Transfection and dual reporter assay
To quantify the signaling potential of AMH variants in their homozygous variant and heterozygous states relative to the homozygous reference, we used a dual luciferase reporter assay in which binding to MISRII activates a firefly luciferase reporter (19). Applied Biosystem TaqMan primers were used to quantify mRNA expression of AMH (Hs01006984_g1) relative to the housekeeping gene GAPDH (Hs02758991_g1).
Hormone assays
T, uT, dehydroepiandrosterone sulfate (DHEAS), sex hormone–binding globulin (SHBG), luteinizing hormone (LH), and follicle-stimulating hormone (FSH) levels were determined as previously reported (4, 16, 17) (Supplemental Table 1 (96.9KB, docx) ). AMH was measured by enzyme-linked immunosorbent assay [Ansh Laboratories, Webster, TX (17)] in 259 patients with PCOS and 126 control subjects for whom serum samples were available.
Statistical analysis
Statistical tests were implemented using SPSS statistics (IBM, Armonk, NY). Normality of hormonal and demographic end points were evaluated by the Kolmogorov-Smirnov test. All tests were two-tailed and α levels <0.05 were considered statistically significant.
Association testing
We tested for association between functional AMH variants and PCOS using a gene-based burden test approach (20) and combined all functional AMH variants into one statistical test.

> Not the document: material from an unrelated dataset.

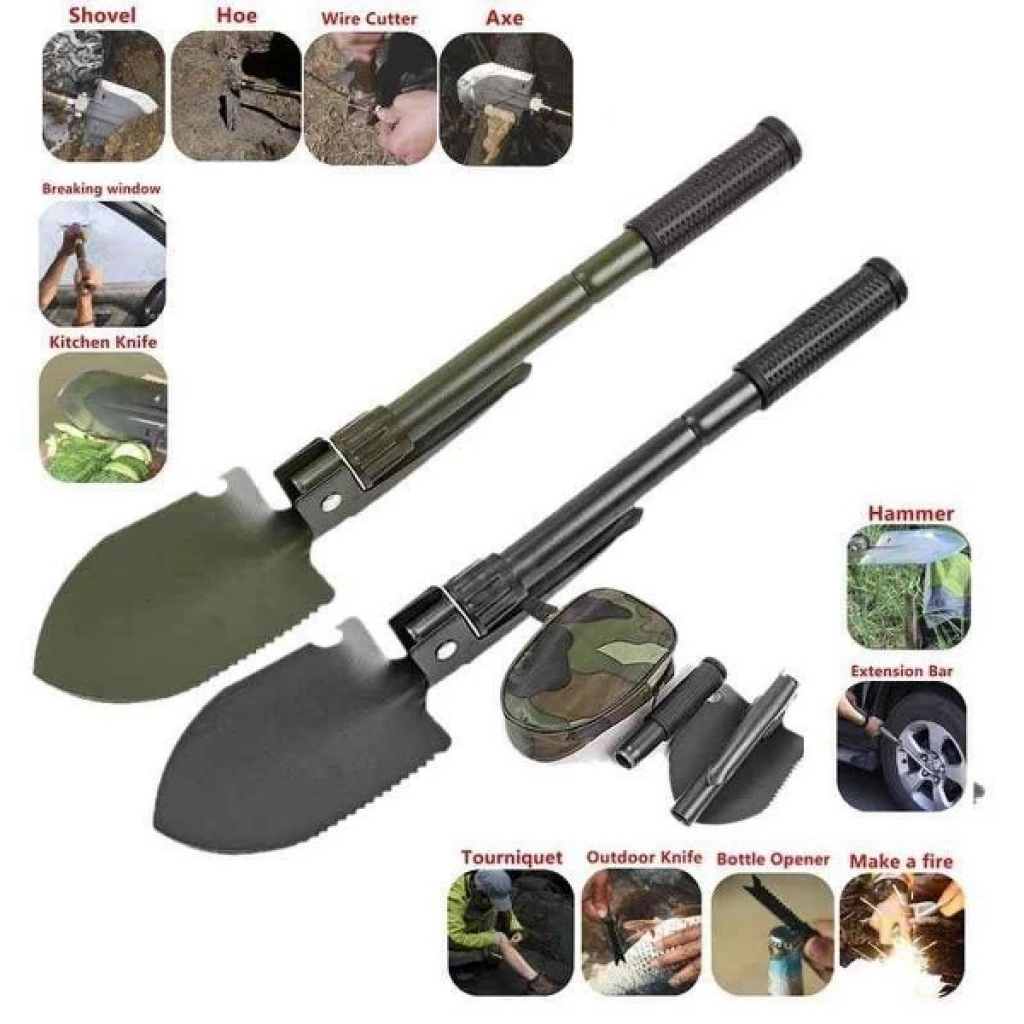 Fonnava Katlanır Portatif Kazma Kürek SetiDoğa tutkunları ve kampçılar için özel olarak tasarlanmış çok foksyonlu katlanır kamp küreği . Cebiniz de de rahatça taşıyabileceğiniz katlanır kürekte ayrıca , kazma ,testere,şişe açacağı ve pusula da mevcuttur. Portatif kürek i yolculuklarda mutlaka arabanızda bulundurun. Ürün Ölçüleri:Kurulu Kürek uzunluğu 41,5 cmKurulu kazma uzunluğu 39 cmTutma sapı çapı 2,5 cmTaşıma çantası ölçüleri 16cm*11cm*4cmPaket İçeriği:Bir adet katlanır kazma kürek setiBir adet taşıma çantası

We tested for association between functional AMH variants and PCOS using two independent control groups: 165 reproductively normal women from this study and population-based control subjects (n > 100,000; Table 2).
Table 2.
Rare AMH Variants Identified in Patients With PCOS and Control Subjects, and Impact on Signaling Activity
| Base Change (mRNA) (No._000479.3) | AA Change | SNP ID | Population-Based MAFa | Cases, n | Controls, n | % Decrease Activity | P Valueb |
|---|---|---|---|---|---|---|---|
| T254G | V12G | rs149082963 | 7.4E-04 | 6 | 0 | 46 | 3.0E-04 |
| G289A | A24T | rs775579158 | 6.6E-05 | 1 | 0 | 65 | 1.8E-05 |
| C355G | P46A | rs148294311 | 8.3E-05 | 1 | 0 | 43 | 5.7E-05 |
| G491A | R91H | rs534377664 | 1.7E-05 | 1 | 0 | 45 | 6.0E-04 |
| A514T | T99S | rs200226465 | 8.5E-05 | 2 | 0 | 56 | 1.5E-05 |
| C647T | T143I | rs139265145 | 4.1E-03 | 11 | 4 | 12 | 1.0E-01 |
| C670T | P151S | rs370532523 | 3.3E-05 | 1 | 0 | 85 | 5.7E-09 |
| G685A | A156T | rs374588581 | 2.3E-04 | 1 | 0 | 76 | 1.4E-07 |
| C772G | Q185E | rs200523942 | 7.9E-05 | 1 | 0 | 86 | 3.0E-08 |
| GT | splicing (ex2/3) | rs759859203 | 1.0E-05 | 1 | 0 | 83 | 1.8E-07 |
| G800A | R194H | rs376035065 | 2.1E-05 | 1 | 0 | 66 | 3.6E-06 |
| C1027T | P270S | rs757506343 | 1.4E-04 | 1 | 0 | 80 | 3.5E-06 |
| C1069T | P284S | rs769350289 | 9.0E-06 | 0 | 1 | −8 | 8.0E-01 |
| C1083G | D288E | rs199831511 | 1.7E-04 | 3 | 1 | 15 | 4.0E-01 |
| G1124A | R302Q | rs536688211 | 9.9E-04c | 1 | 0 | 46 | 2.4E-05 |
| A1193G | Q325R | rs140765565 | 4.4E-03 | 3 | 4 | 14 | 7.0E-02 |
| C1273T | P352S | rs764049634 | 1.1E-04 | 3 | 0 | 82 | 2.0E-06 |
| C1304T | P362S | rs765380360 | 6.5E-05 | 1 | 0 | 65 | 3.8E-06 |
| C1317T | P366L | chr19:2251370-2251370d | — | 1 | 0 | 69 | 4.6E-06 |
| C1334T | A372V | rs541377806 | 3.5E-04 | 1 | 0 | 1 | 8.0E-01 |
| C1373T | A385V | chr19:2251427-2251427d | — | 1 | 0 | 66 | 3.6E-06 |
| C1737G | H506Q | rs138571039 | 4.2E-05 | 1 | 0 | 68 | 2.1E-06 |
| C1775T | A519V | rs200031151 | 1.4E-03 | 0 | 1 | 12. | 1.0E-01 |
| G1876T | V553L | rs770189890 | 9.0E-05 | 1 | 1 | 8 | 5.0E-01 |
Abbreviations: AA, amino acid; mRNA, messenger RNA; SNP ID, single nucleotide polymorphism identification.
MAF based on ExAc Aggregated Populations (http://exac.broadinstitute.org).
Two-tailed t test.
MAF based on 1000Genomes European ancestry (http://www.1000genomes.org).
Build GRCh37/hg1.
Results
Study participant characteristics
Patients with PCOS were significantly younger and heavier than control subjects (Table 1). T, uT, DHEAS, LH, and AMH levels were significantly elevated in patients with PCOS. SHBG levels were significantly decreased in patients with PCOS compared with control subjects. These observations are consistent with the biochemical profile of PCOS (16). The results of these comparisons using other assays methodologies were similar to those reported in Table 1. There were no significant differences in the clinical or biochemical features of the patients with PCOS who underwent WGS compared with those who underwent targeted resequencing.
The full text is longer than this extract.